Would you repeat word for word the lines of the listing that follows, from the one with "Struts were added" up to and including the one with "2pcs Evil Eye", and leave out the images?

### Supplied data

--- START ---

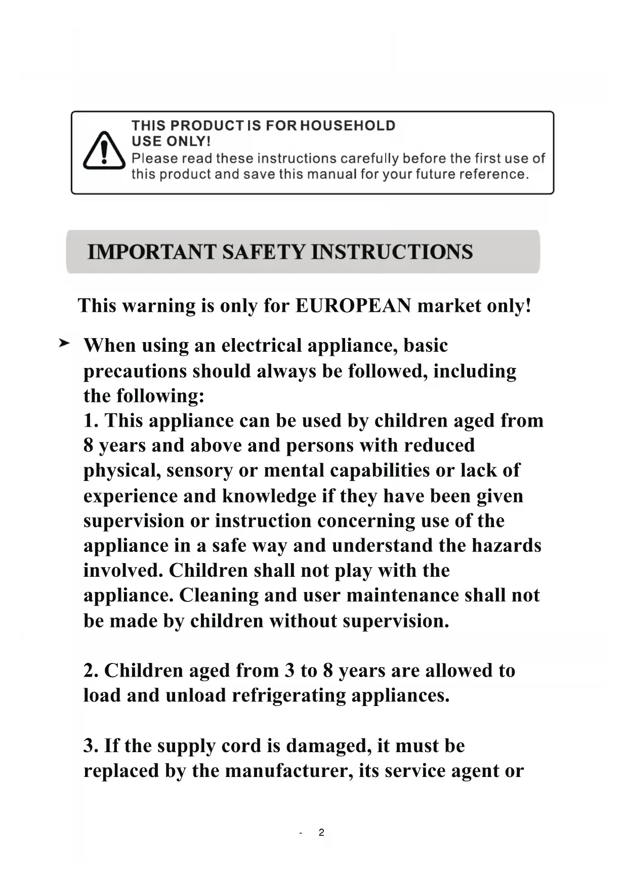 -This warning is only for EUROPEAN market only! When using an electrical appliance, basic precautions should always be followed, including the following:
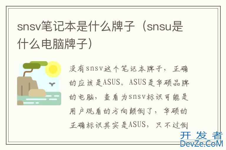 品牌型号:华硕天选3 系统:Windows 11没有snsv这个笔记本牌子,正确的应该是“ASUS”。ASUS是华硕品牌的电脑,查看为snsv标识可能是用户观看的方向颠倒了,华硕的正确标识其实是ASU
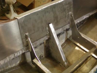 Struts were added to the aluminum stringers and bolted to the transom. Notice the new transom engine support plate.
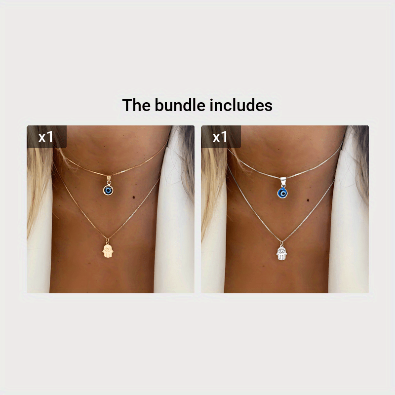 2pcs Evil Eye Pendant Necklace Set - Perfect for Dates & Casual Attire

--- END ---
--- START ---

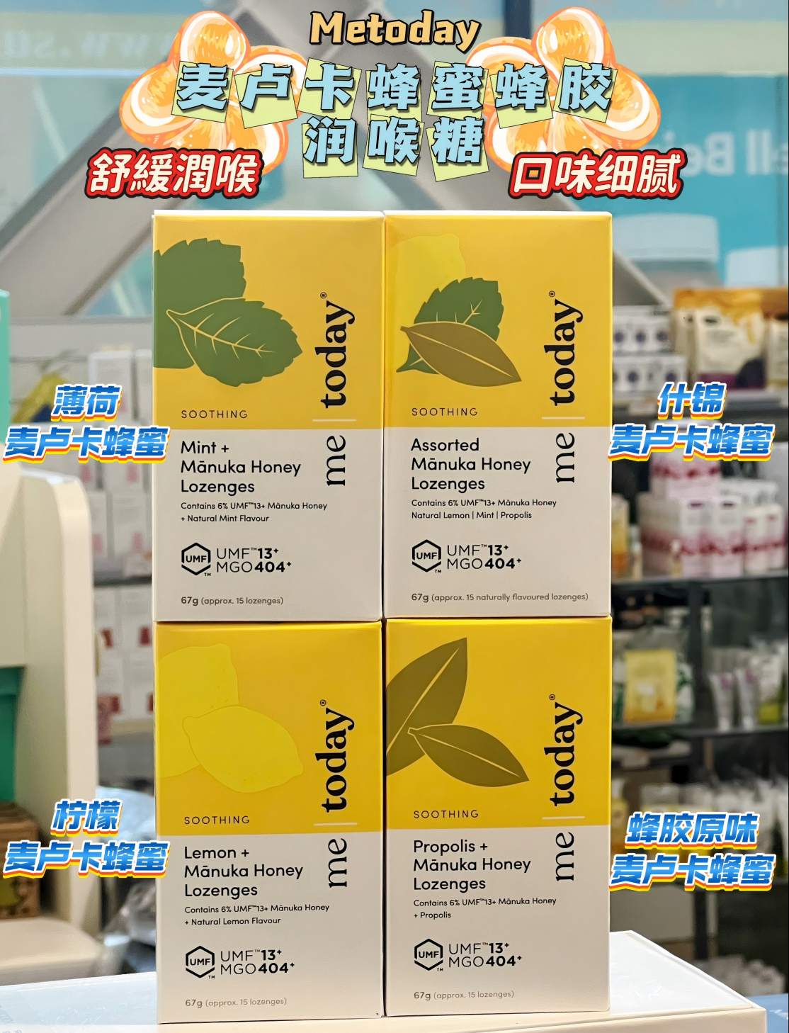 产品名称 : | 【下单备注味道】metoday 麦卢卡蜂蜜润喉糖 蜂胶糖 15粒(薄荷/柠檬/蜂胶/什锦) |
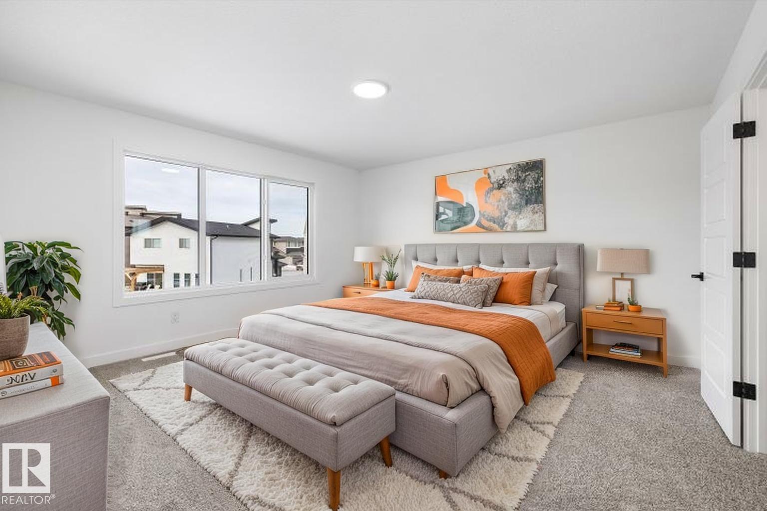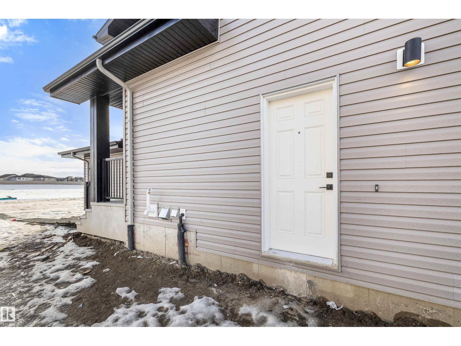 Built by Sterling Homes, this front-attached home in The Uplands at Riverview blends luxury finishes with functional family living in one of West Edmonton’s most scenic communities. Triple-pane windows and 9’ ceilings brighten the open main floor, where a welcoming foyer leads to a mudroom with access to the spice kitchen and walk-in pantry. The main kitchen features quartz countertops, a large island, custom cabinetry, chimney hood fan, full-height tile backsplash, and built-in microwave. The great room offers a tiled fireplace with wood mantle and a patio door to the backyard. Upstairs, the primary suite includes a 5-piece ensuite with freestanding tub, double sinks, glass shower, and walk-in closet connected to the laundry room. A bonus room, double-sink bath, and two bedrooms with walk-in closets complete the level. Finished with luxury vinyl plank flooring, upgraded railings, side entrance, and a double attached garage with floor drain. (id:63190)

--- END ---

### Solution for this problem
 Struts were added to the aluminum stringers and bolted to the transom. Notice the new transom engine support plate.
 2pcs Evil Eye Pendant Necklace Set - Perfect for Dates & Casual Attire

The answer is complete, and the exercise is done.